Он опустился на песок. Давид деловито принялся подправлять лопатой
слегка осыпавшийся вал. "Сегодня жарко или прохладно? - спросил Иванов. -
Что-то не разберу". Погодя Давид бросил лопату и сказал: "Я пойду купаться
немного". "Посиди минуту спокойно, - проговорил Иванов. - Мне надо собраться
с мыслями.
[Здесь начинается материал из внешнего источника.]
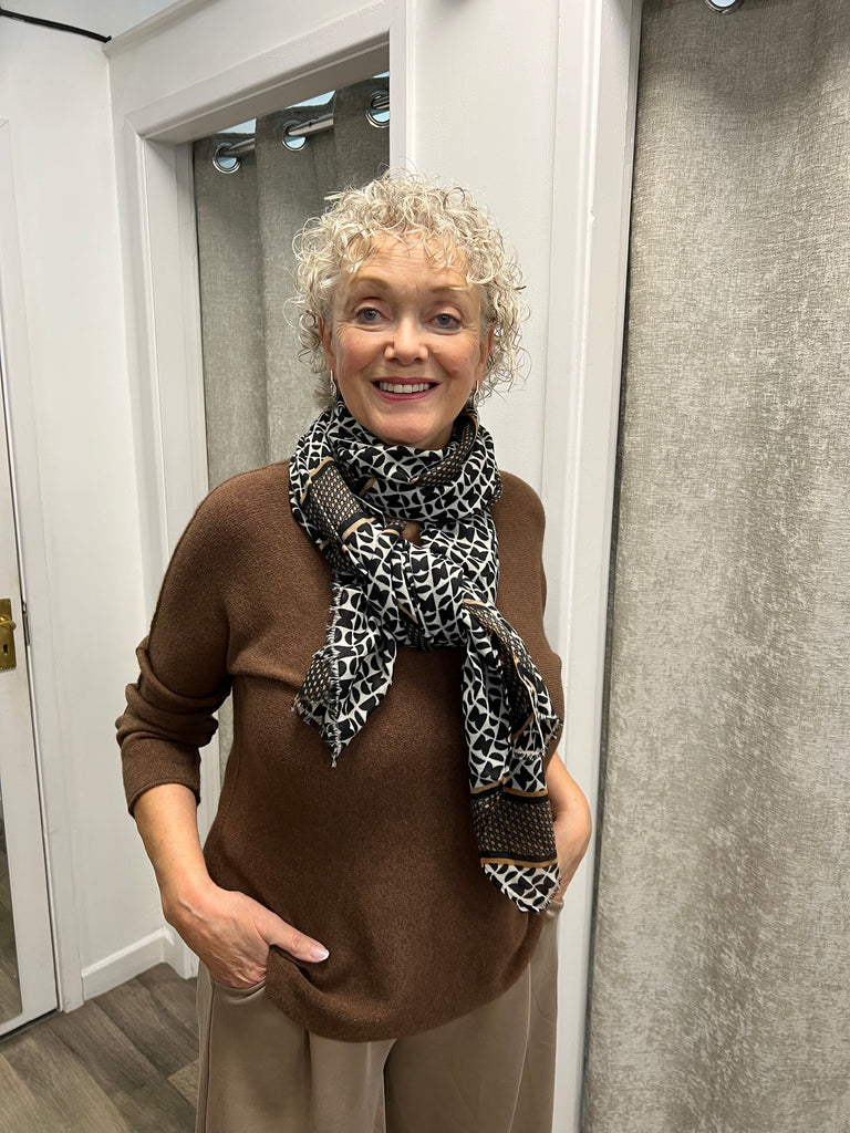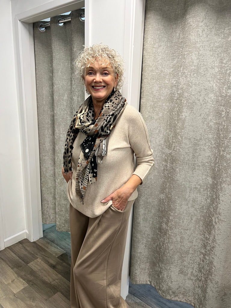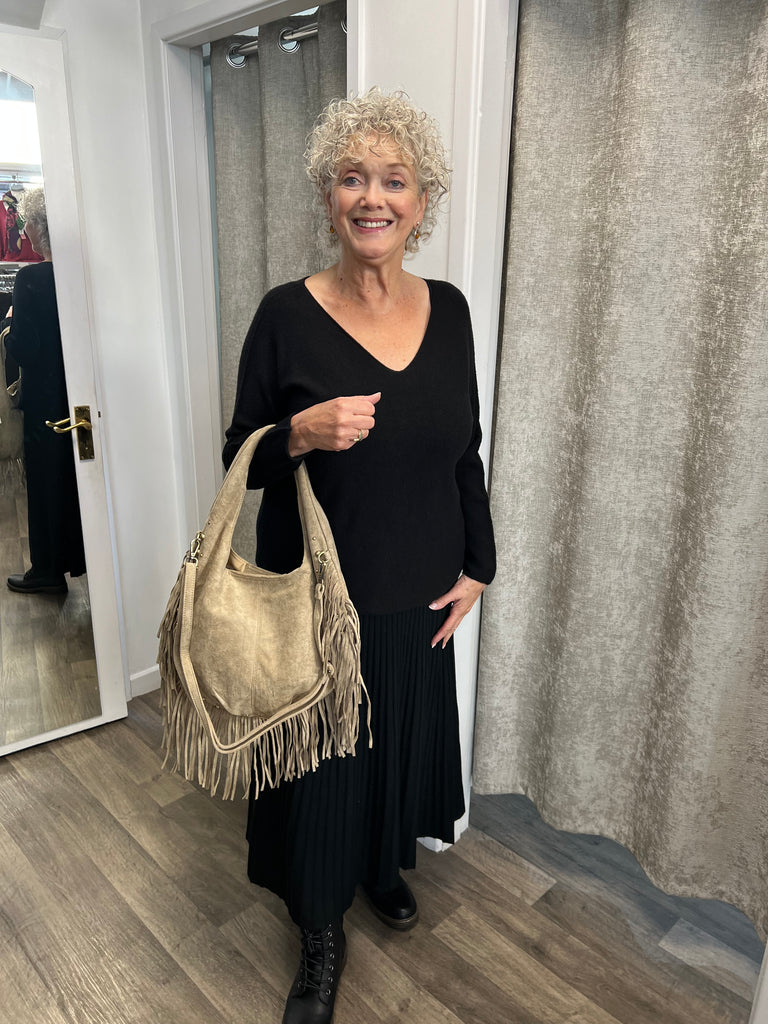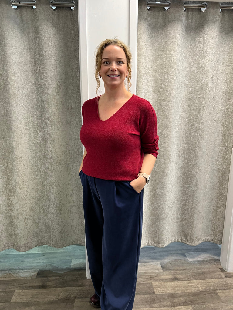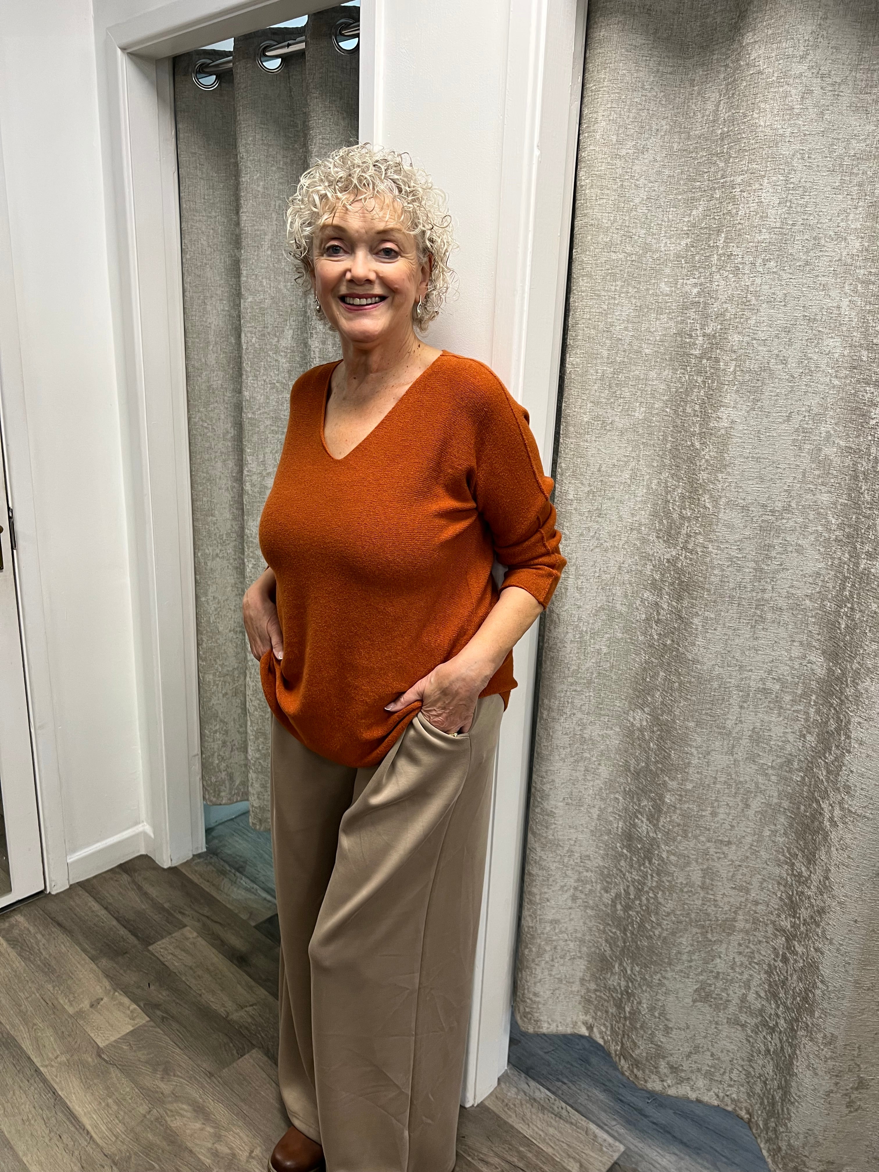 Our best selling knit now with a v neck, super soft and cosy looks great with a scarf too.
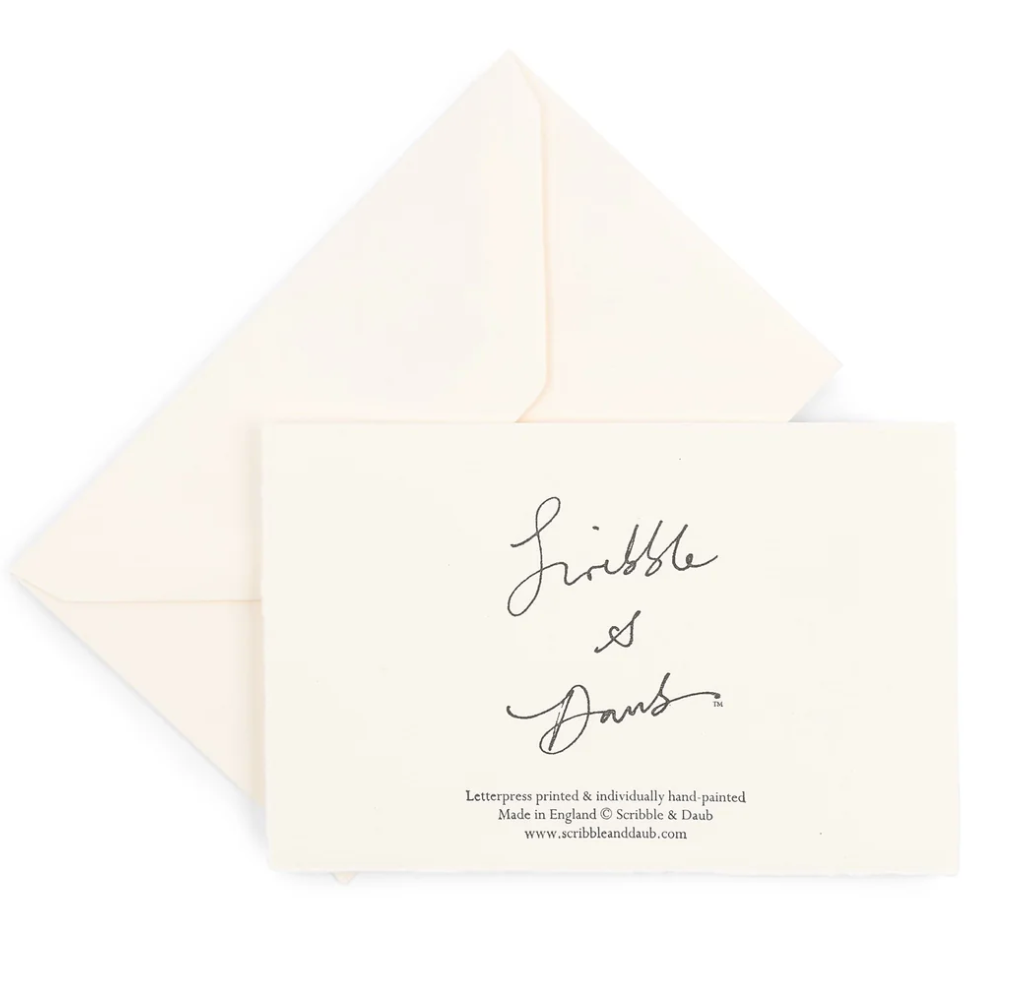 Every Scribble & Daub card is letterpress printed at our traditional local workshop on a hand-fed vintage press and then lovingly painted in our studio with Andy Warhol's' favourite coloured inks.
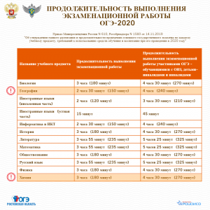 ОГЭ и ГВЭ-9 по всем учебным предметам начинается в 10.00 по местному времени. Увеличилась продолжительность выполнения ОГЭ по химии до 3 часов в связи с обязательным выполнением лабораторной работы, ОГЭ по географии - до 2 часов 30 минут.
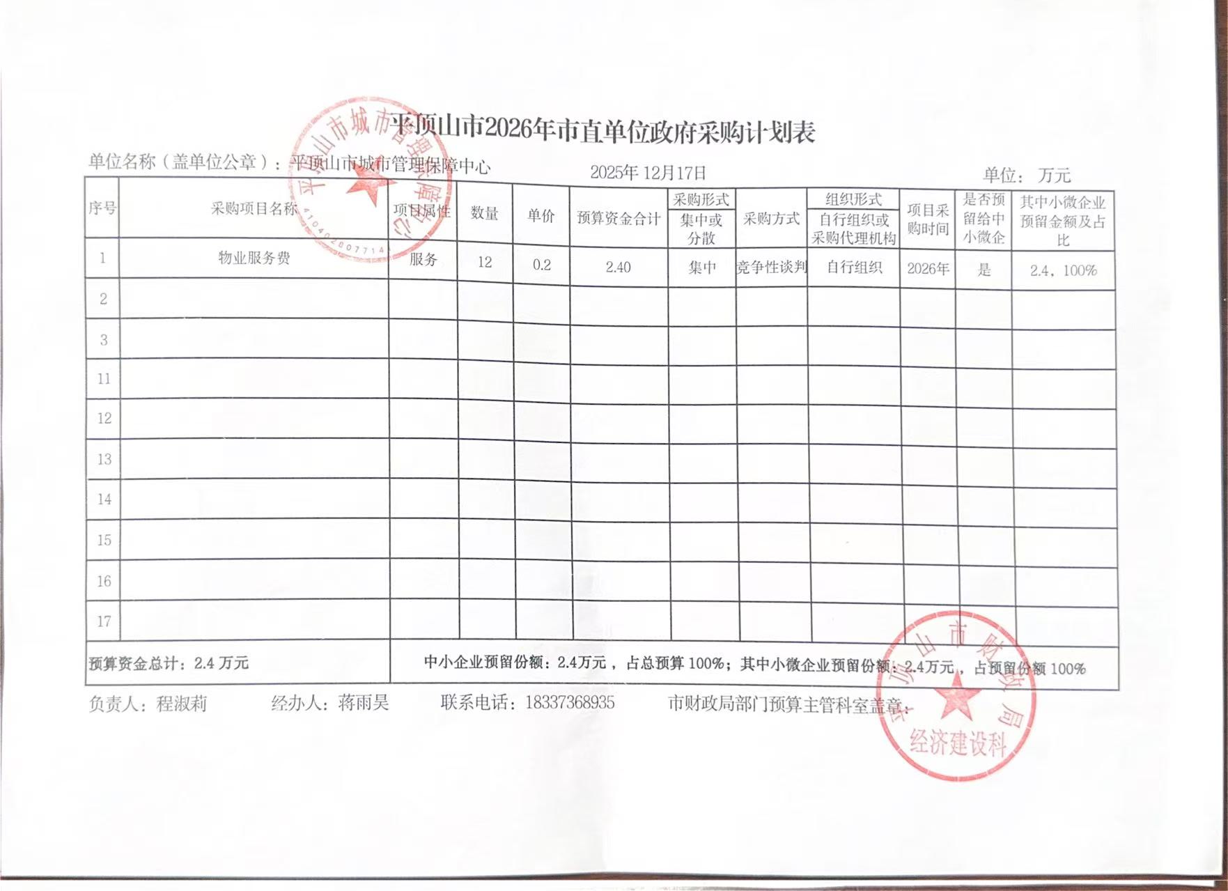 | 二、合同名称:市城管保障中心****年物业保洁费 | ||||||||||||
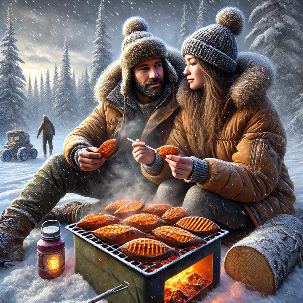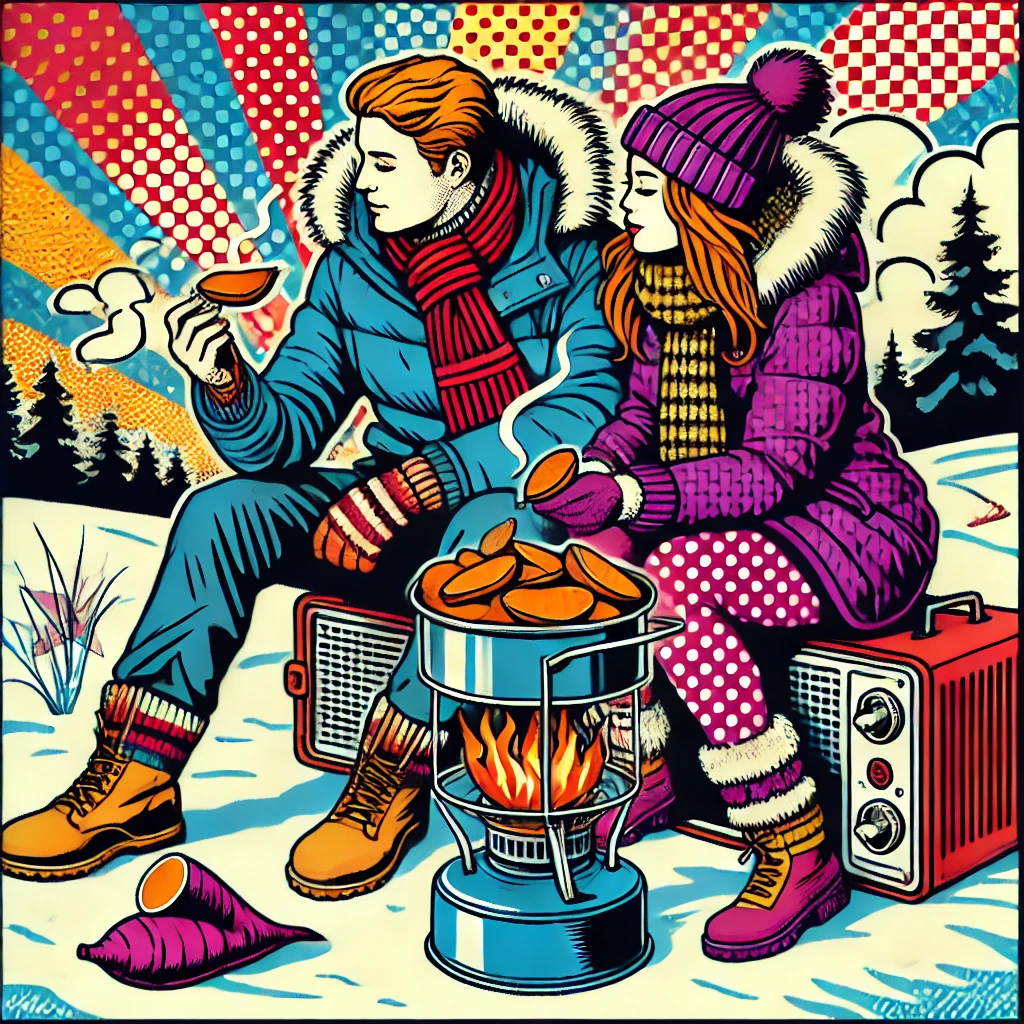 A couple enjoying roasted sweet potatoes in winter.
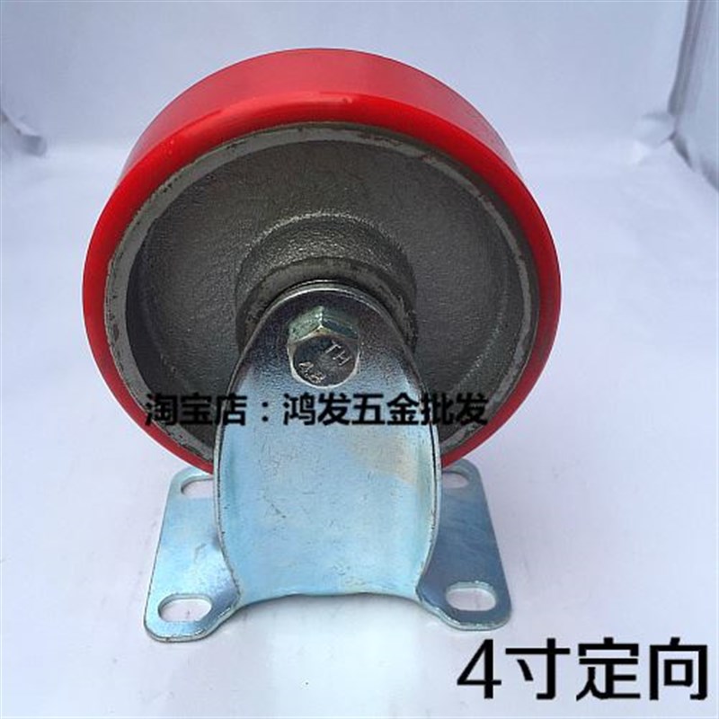 PU静音轮红万向轮活动聚氨酯推车定向心枣。中型工业铁 脚轮4寸轮
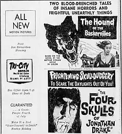 The Hound of the Baskervilles is a 1959 British Gothic mystery film directed by Terence Fisher and produced by Hammer Film Productions. It is based on the 1902 novel of the same title by Sir Arthur Conan Doyle. It stars Peter Cushing as Sherlock Holmes, Christopher Lee as Sir Henry Baskerville and André Morell as Doctor Watson. It is the first film adaptation of the novel to be filmed in colour. Roy Ashton did Makeup, Syd Pearson did Special Effects, Bernard Robinson was Production Designer and Don Mingaye was Art Director. John Peverall and Tom Walls were Assistant Directors. Production began Sept. 8, 1958, but Marla Landi was only added to the cast on Sept. 29th, and the film was completed on Oct. 31st. It was trade shown at the Hammer Theatre on March 20, 1959 and premiered at the Pavilion on March 28th. It opened in the UK on May 4th, 1959, and in the United States in July.[5]
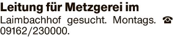 Leitung für Metzgerei im Laimbachhof gesucht.
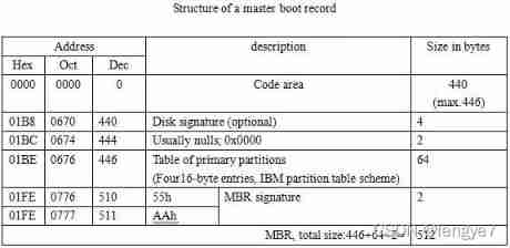 Master boot record (Master Boot Record, abbreviation :MBR), Also known as the primary boot sector , It is the first sector that must be read when accessing the hard disk after the computer is turned on , Its three-dimensional address on the hard disk is (0 cylinder ,0 head ,1 A sector ) perhaps LBA Addressing 0 Sector No . When discussing the internal structure of the primary boot sector , Sometimes it begins with 446 Byte content refers specifically to “ Master boot record ”(MBR), Followed by 4 individual 16 Bytes of “ Partition table ”(DPT), as well as 2 End of byte flag (55AA). therefore , In the use of “ Master boot record ”(MBR) When this term is used , It needs to be judged according to the specific situation that it refers to the entire primary boot sector , It is also the front of the primary boot sector 446 byte .
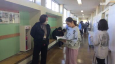 テスト間の休み時間では,前の時間のテストの振り返りを行う生徒や次の時間のテストの勉強をする生徒がいました。

Море от тебя не уйдет". "Пожалуйста", - протянул Давид.
Иванов приподнялся на локте и посмотрел на волны. Они были крупные,
горбатые, никто в этом месте не купался, только гораздо левее попрыгивало и
скопом прокатывалось вбок с дюжину оранжевых голов. "Волны", - со вздохом
сказал Иванов и потом добавил: "Ты походи в воде, но не дальше, чем на
сажень. В сажени около двух метров".
Он склонил голову, подперев щеку, пригорюнившись, высчитывая какие-то
меры жизни, жалости, счастья. Башмаки были уже полны песку, он их медленно
снял, после чего снова задумался, и снова поплыли неуловимые прозрачные
узелки, - и так хотелось вспомнить, так хотелось... Внезапный крик. Иванов
выпрямился.
В желто-синих волнах, далеко от берега мелькнуло лицо Давида с темным
кружком разинутого рта. Раздался захлебывающийся рев, и все исчезло.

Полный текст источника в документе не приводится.